In the American Southwest, there exists an ancient memorial to architectural and agricultural engineering excellence called Chaco. To many of today's Rio Grande and Western Pueblo Indians, Chaco is considered the home of their prehistoric predecessors. To scores of modern archeologists, Chaco remains an enigma. In this volume, Kendrick Frazier has combined scientific and ethnographic data with Native American oral history to develop a concise account of this national monument in northern New Mexico.
Earliest evidence of human occupation in the Southwest has been dated at 12,000 years ago. It is estimated that the Chaco area was first inhabited about 7,000 years ago. However, it wasn't until AD 700 that the people began to erect permanent village settlements. Between AD 900 and AD 1130, a number of dwellings or "Great Houses" had been built.

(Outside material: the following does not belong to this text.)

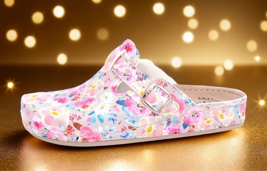 Ženska klompa od veštačke kože – sa 2 cm ravnim đonom

These Great Houses rose several stories high and contained hundreds of rooms. "No other apartment house of comparable size was known in America or in the Old World until the Spanish Flats were erected in 1882 at 59th Street and Seventh Avenue, New York City," is how a 1920 National Geographic article described one of the Great Houses.
Frazier takes the reader on a journey from what he imagines prehistoric life in Chaco was like to the ethnographic present. His profiles of some of the archeologists who worked in the area are certain to be of interest to young students of the field.